EXERCISE MATERIALS =
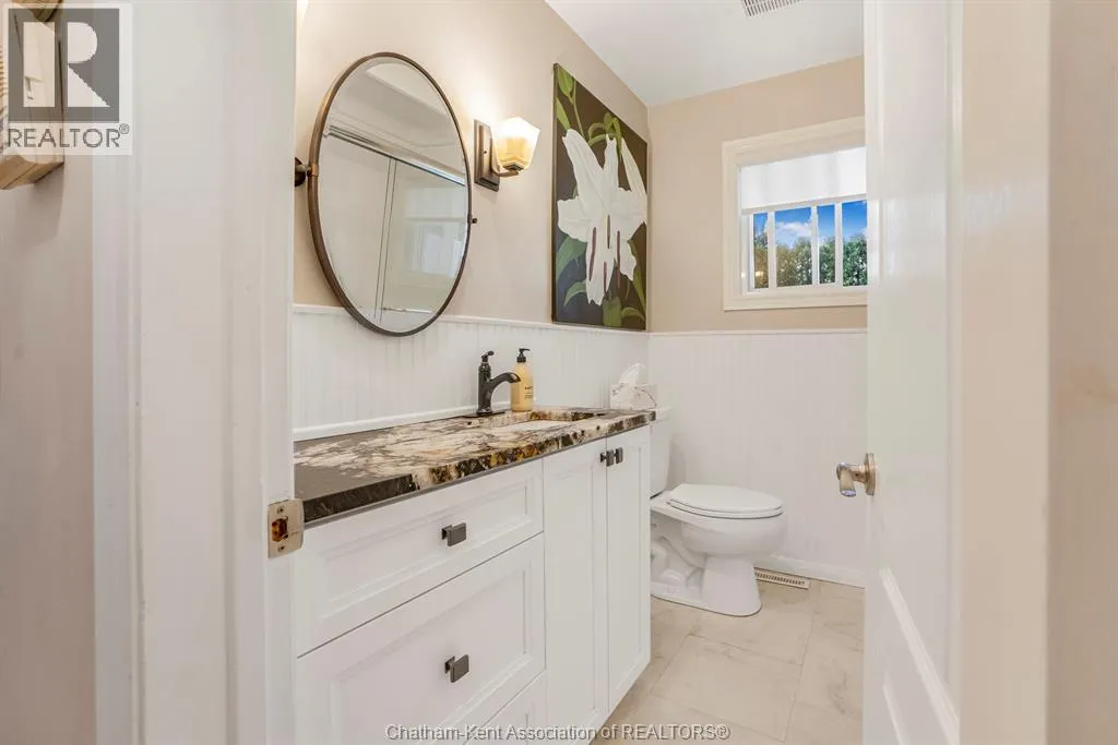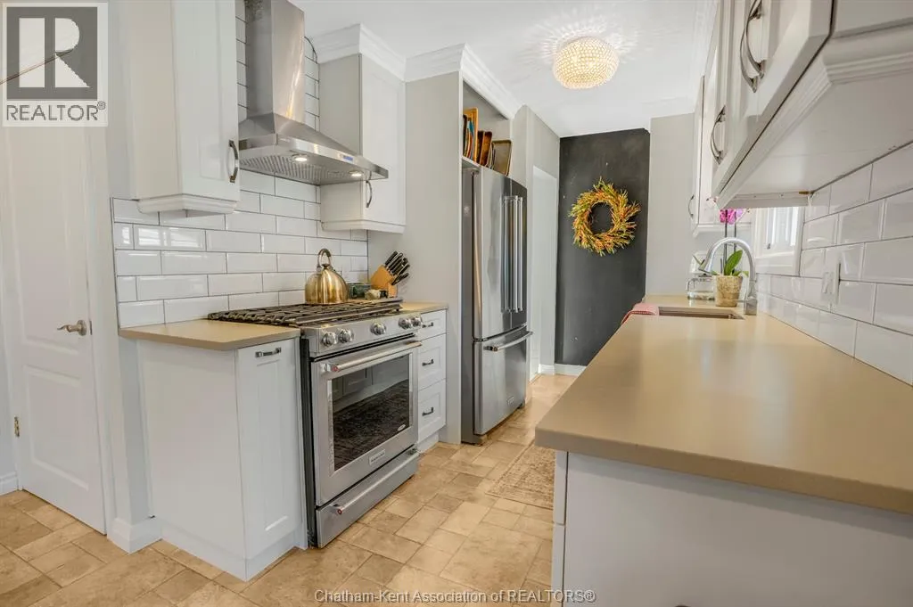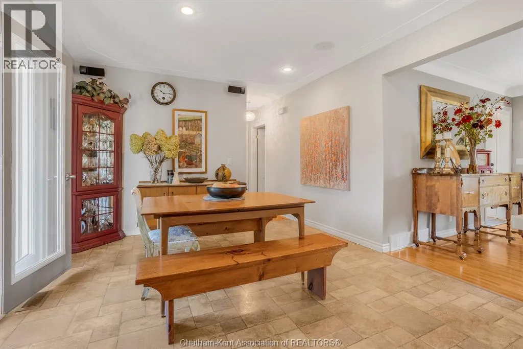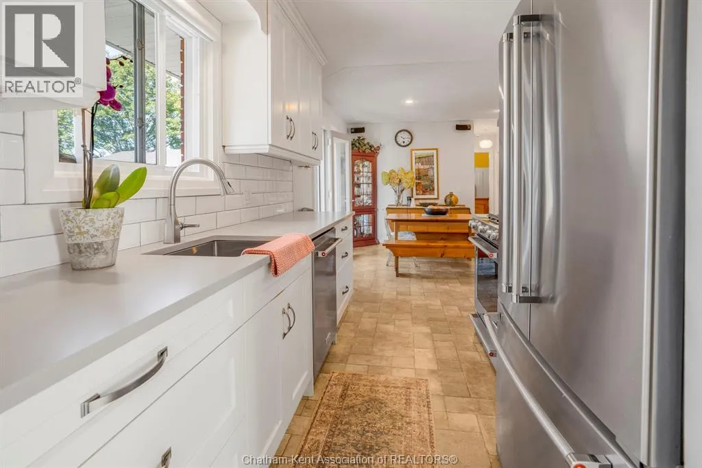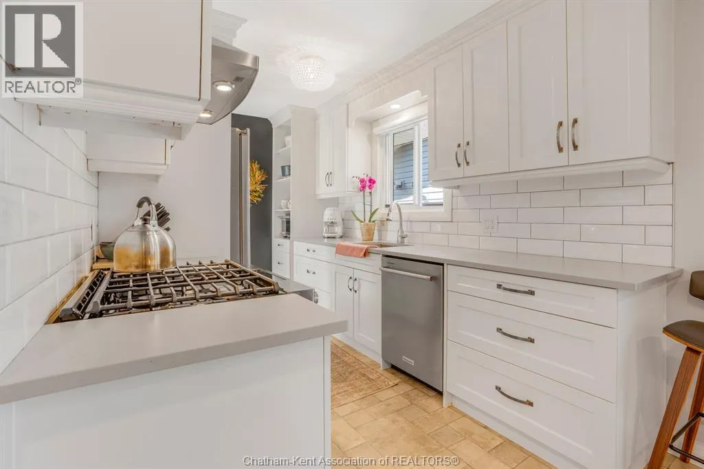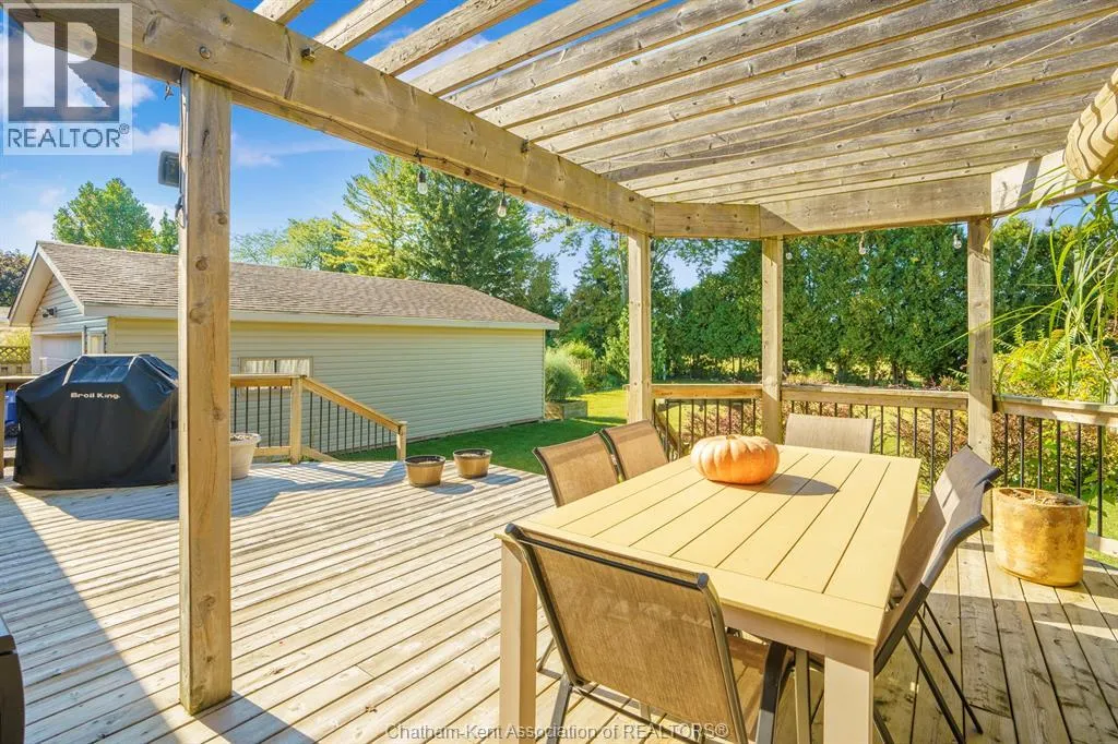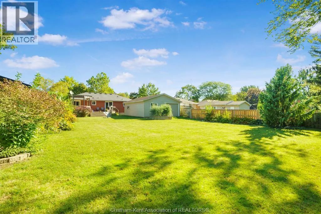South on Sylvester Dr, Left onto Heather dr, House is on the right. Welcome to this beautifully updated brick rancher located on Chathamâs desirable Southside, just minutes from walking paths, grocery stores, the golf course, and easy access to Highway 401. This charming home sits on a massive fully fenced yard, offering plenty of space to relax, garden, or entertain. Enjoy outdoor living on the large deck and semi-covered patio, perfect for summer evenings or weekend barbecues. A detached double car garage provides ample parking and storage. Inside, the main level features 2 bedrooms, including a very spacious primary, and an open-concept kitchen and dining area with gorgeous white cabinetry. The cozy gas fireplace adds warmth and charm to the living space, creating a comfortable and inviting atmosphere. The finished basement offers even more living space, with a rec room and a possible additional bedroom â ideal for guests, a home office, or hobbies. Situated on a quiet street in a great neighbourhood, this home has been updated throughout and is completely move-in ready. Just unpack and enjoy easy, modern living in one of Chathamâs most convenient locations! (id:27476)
--
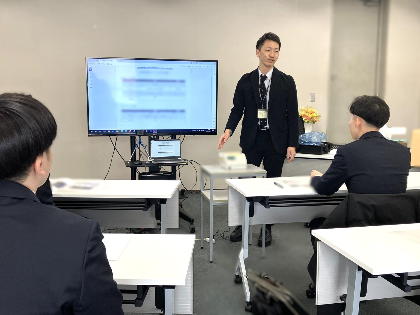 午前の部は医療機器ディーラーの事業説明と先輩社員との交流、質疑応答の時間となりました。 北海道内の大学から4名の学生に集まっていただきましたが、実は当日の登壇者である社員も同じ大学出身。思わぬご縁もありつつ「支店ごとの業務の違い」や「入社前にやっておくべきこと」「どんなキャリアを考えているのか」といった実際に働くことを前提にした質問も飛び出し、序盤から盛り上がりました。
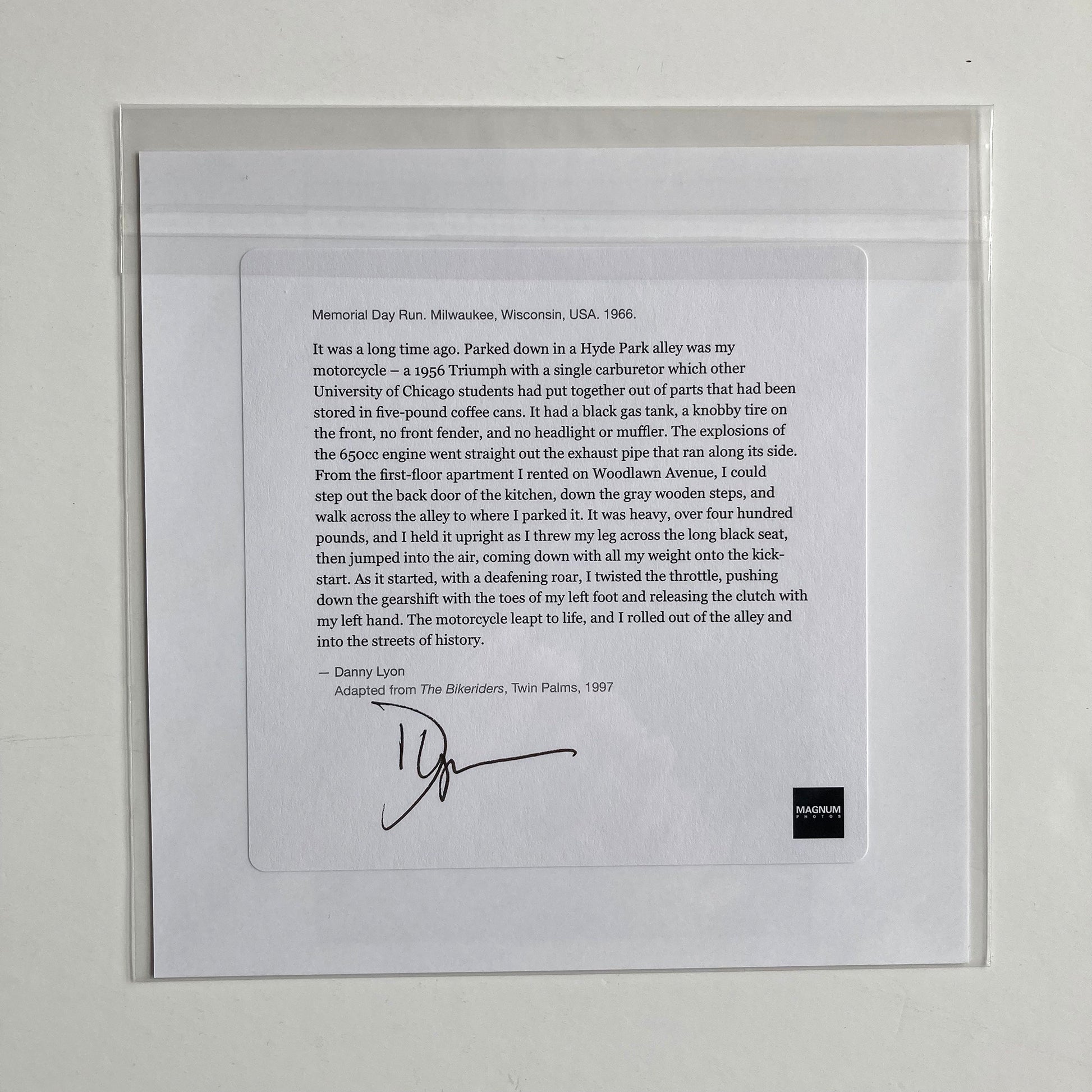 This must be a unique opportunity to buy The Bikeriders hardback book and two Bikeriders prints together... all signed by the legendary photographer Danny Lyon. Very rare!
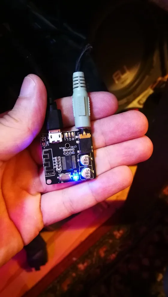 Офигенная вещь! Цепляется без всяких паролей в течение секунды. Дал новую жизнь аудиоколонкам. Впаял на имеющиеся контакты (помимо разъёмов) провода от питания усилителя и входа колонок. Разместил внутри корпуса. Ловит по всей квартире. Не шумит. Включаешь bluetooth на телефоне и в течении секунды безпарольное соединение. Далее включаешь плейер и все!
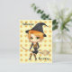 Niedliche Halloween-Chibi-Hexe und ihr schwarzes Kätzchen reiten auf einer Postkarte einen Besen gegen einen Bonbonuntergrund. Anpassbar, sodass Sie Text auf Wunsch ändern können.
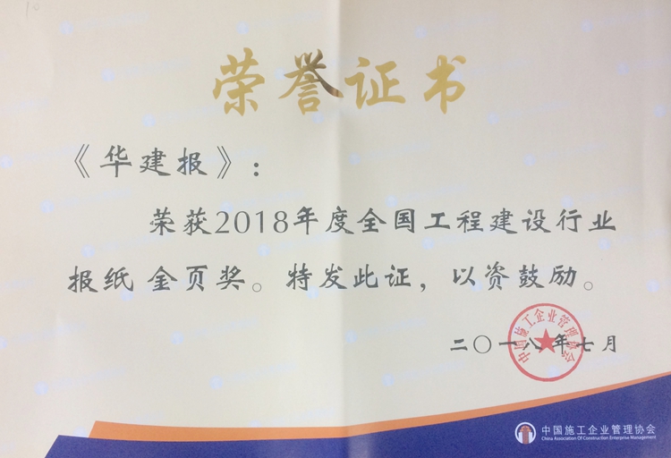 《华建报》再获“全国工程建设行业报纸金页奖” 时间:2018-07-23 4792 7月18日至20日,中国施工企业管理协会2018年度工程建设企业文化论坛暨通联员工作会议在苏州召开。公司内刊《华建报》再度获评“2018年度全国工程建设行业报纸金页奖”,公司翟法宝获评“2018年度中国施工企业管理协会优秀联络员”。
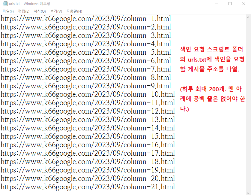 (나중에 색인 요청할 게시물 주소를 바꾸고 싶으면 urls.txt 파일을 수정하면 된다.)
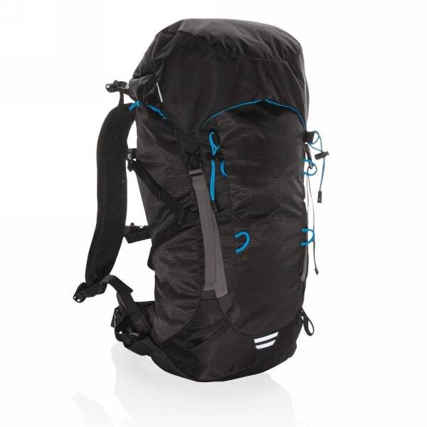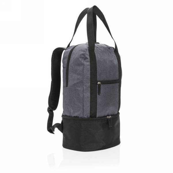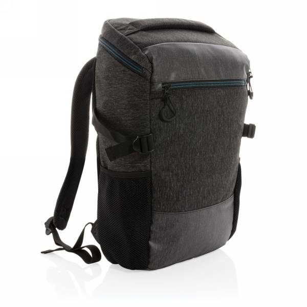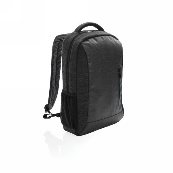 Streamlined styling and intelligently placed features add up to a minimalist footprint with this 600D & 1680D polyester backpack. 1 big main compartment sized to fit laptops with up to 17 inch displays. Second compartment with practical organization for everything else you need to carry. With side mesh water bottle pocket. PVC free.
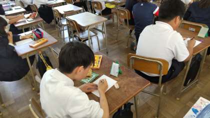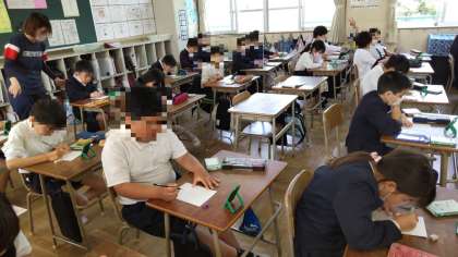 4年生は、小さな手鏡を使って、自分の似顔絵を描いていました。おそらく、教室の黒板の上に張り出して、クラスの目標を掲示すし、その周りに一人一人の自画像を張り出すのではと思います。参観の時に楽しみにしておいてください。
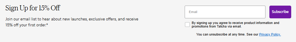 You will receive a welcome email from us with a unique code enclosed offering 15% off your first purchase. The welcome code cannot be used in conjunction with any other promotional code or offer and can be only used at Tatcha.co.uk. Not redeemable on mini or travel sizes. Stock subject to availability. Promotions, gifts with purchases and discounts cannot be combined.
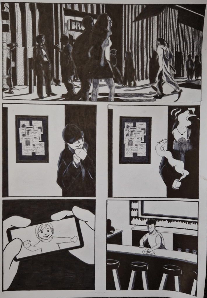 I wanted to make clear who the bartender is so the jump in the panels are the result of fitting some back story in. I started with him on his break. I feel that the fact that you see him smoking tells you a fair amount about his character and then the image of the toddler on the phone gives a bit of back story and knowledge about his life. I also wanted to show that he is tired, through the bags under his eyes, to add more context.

TASK TO COMPLETE = In the records above, find the line with "Niedliche Halloween-Chibi-Hexe und" and the line with "You will receive"; please transcribe exactly those two lines and all lines between them, omitting any picture.

ANSWER SECTION =
 Niedliche Halloween-Chibi-Hexe und ihr schwarzes Kätzchen reiten auf einer Postkarte einen Besen gegen einen Bonbonuntergrund. Anpassbar, sodass Sie Text auf Wunsch ändern können.
 《华建报》再获“全国工程建设行业报纸金页奖” 时间:2018-07-23 4792 7月18日至20日,中国施工企业管理协会2018年度工程建设企业文化论坛暨通联员工作会议在苏州召开。公司内刊《华建报》再度获评“2018年度全国工程建设行业报纸金页奖”,公司翟法宝获评“2018年度中国施工企业管理协会优秀联络员”。
 (나중에 색인 요청할 게시물 주소를 바꾸고 싶으면 urls.txt 파일을 수정하면 된다.)
 Streamlined styling and intelligently placed features add up to a minimalist footprint with this 600D & 1680D polyester backpack. 1 big main compartment sized to fit laptops with up to 17 inch displays. Second compartment with practical organization for everything else you need to carry. With side mesh water bottle pocket. PVC free.
 4年生は、小さな手鏡を使って、自分の似顔絵を描いていました。おそらく、教室の黒板の上に張り出して、クラスの目標を掲示すし、その周りに一人一人の自画像を張り出すのではと思います。参観の時に楽しみにしておいてください。
 You will receive a welcome email from us with a unique code enclosed offering 15% off your first purchase. The welcome code cannot be used in conjunction with any other promotional code or offer and can be only used at Tatcha.co.uk. Not redeemable on mini or travel sizes. Stock subject to availability. Promotions, gifts with purchases and discounts cannot be combined.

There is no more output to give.